Os episódios envolvendo relações obscuras e escusas entre entes públicos e privados, principalmente com desfechos objetivados e caracterizados como atos de corrupção, revelados sobretudo pelas investigações da Lava Jato, têm fortalecido no setor empresarial a preocupação e necessidade de pautar as suas relações perseguindo e praticando valores, ética e princípios que primem pelo “interesse comum bem compreendido”.
Para isso, as empresas estão percebendo que não basta estar e ser legal, mas também tem que ter legitimidade nas suas ações e atitudes.
Isso significa que reputação, integridade e comportamento ético são cada vez mais vistos e tomados como componentes constitutivos de valor para a empresa, inclusive enquanto fonte de agregação de valor de mercado.
Nessa nova governança corporativa, que é o sistema pelo qual empresas e organizações são administradas, tem crescido a aplicação de um conceito-chave que se resume na expressão “compliance”
Empresas éticas e sintonizadas com valores tendem, por exemplo, a apresentar melhor desempenho em bolsas de valores, quando de capital aberto, mas também nas vendas e resultados em quaisquer outras formas de organização.
A isso dá-se o nome de boa governança corporativa.

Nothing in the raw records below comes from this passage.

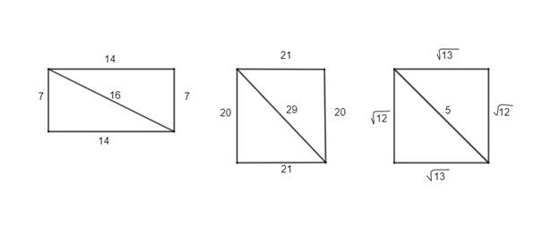 Jeżeli długości boków w trójkącie prostokątnym spełniają twierdzenie Pitagorasa, wtedy są podane poprawnie. Tylko w prostokącie II i III podano poprawne długości boków.
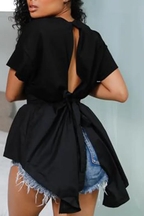 Home > Tops > Shirt > Lovely Trendy Round Neck Irregular Design Drawstring Black Cotton Shirts
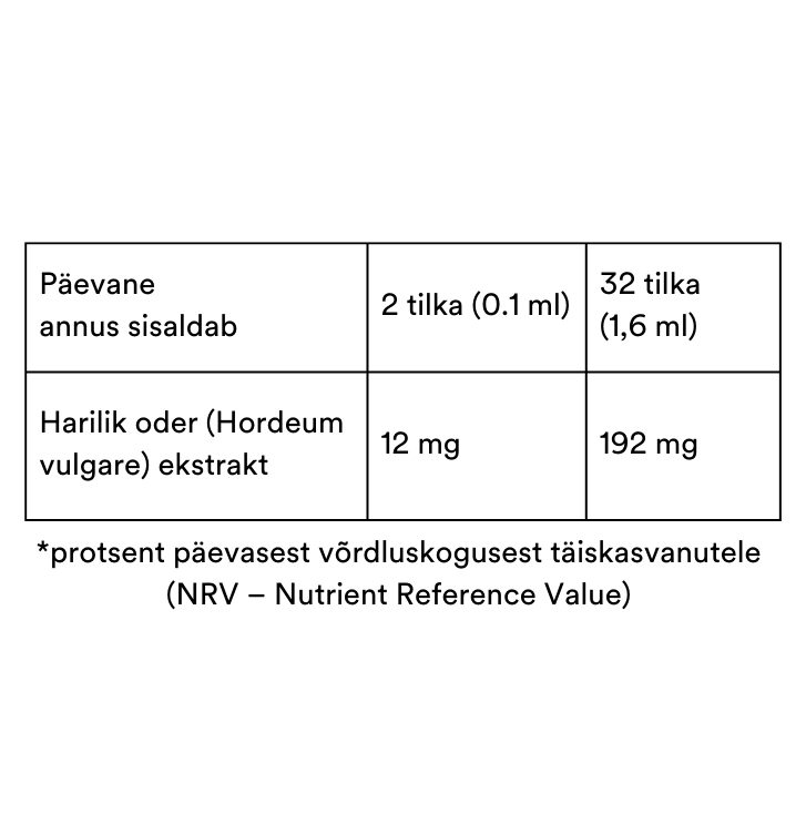 Alusta kogusega 2 tilka päevas (1+1 ehk 0,1ml) ja suurenda igal järgneval nädalal 2 tilga võrra päevas (2+2, 3+3 jne) kuni 16+16=32 tilgani (1,6ml) päevas.
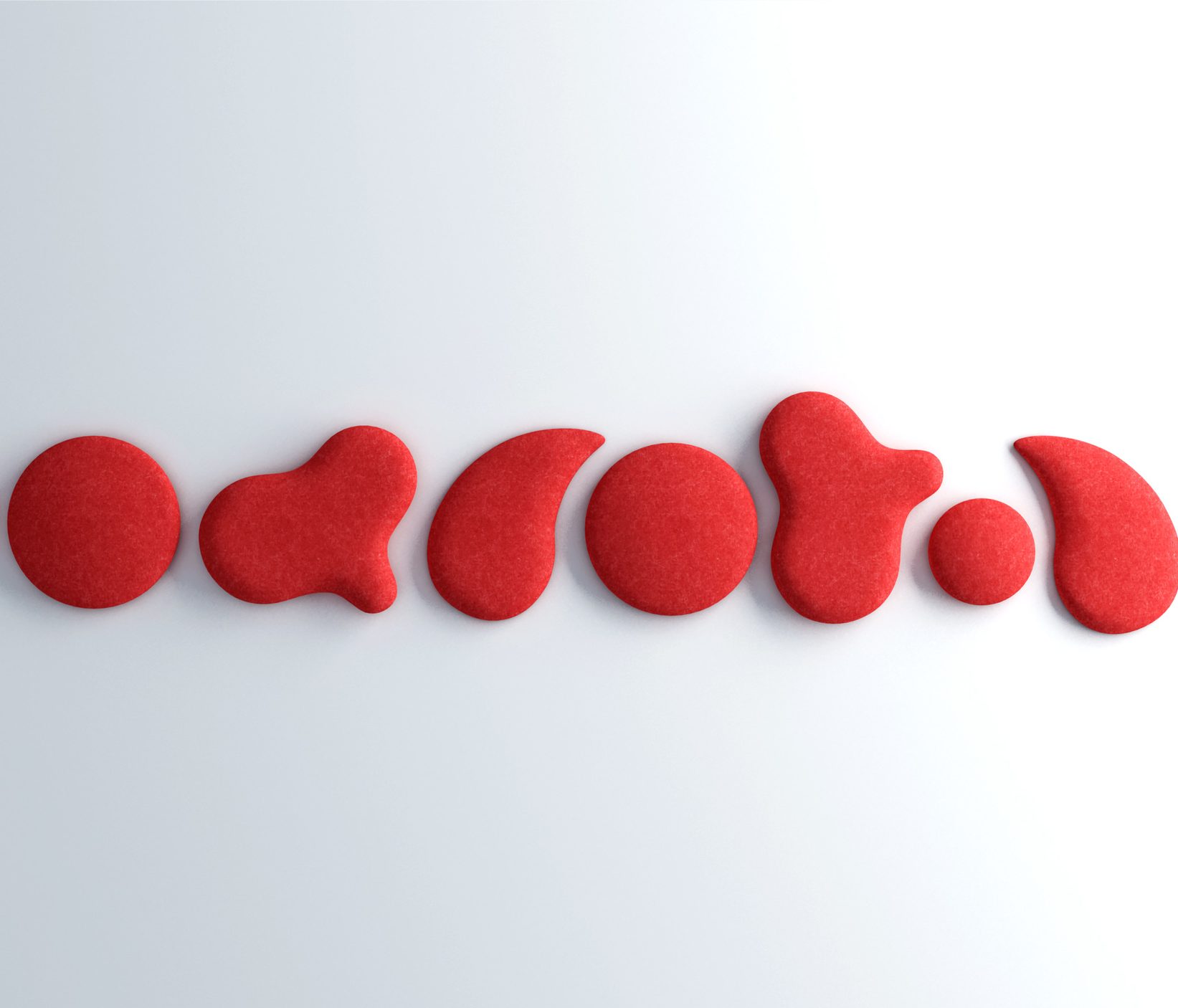Väggabsorbenterna Woolbubbles® finns i 9 grundformer som kan kombineras.
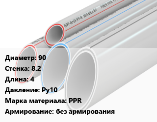 Труба полипропиленовая 90 s=8.2 L=4 Ру10 PPR без армирования
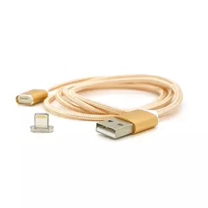 Магнітний кабель USB 2.0/Lighting, 1m, 2А, індикатор заряду, обплетення тканини, знімач, Gold, Blister ( під наконечник 1938 )
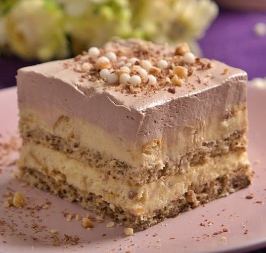 - Isjeckati obje vrste čokolade, pa dodati kremu, dodati i lomljeni keks i sve sjediniti.

Nessa perspectiva, mais valor para a empresa combina, necessariamente, com mais valor também para a sociedade, entendendo-se, assim, que empresas são partes constitutivas e construtivas da sociedade.
Nessa nova governança corporativa, que é o sistema pelo qual empresas e organizações são administradas, tem crescido a aplicação de um conceito-chave que se resume na expressão “compliance”. Trata-se de uma palavra de domínio e uso quase universal e que não encontra tradução direta para o português. Simplificando, “compliance” significa compromisso com regras, propósitos, valores e princípios éticos. Mas também pode significar um conjunto de obrigações assumidas e naturalmente praticadas em todos os níveis de uma empresa ou organização.
Mas, não é somente o setor privado que vem aderindo a essa nova governança. Também o setor público, embora bem mais timidamente, também caminha na mesma direção. Isso tanto no sentido de exigir de seus fornecedores a explicitação e adesão a compromissos orientados pela ética, quanto também que firmem as suas próprias convicções de “compliances”.
Nesse aspecto, a Lei Federal 13.303, de 2016, direcionada às empresas públicas, intenta sobretudo reduzir ou mesmo neutralizar as influências políticas nas indicações de conselhos de administração e das diretorias executivas. Pelo menos para isso serviram as revelações propiciadas pela Lava Jato, com destaque para os eventos relacionados à Petrobras.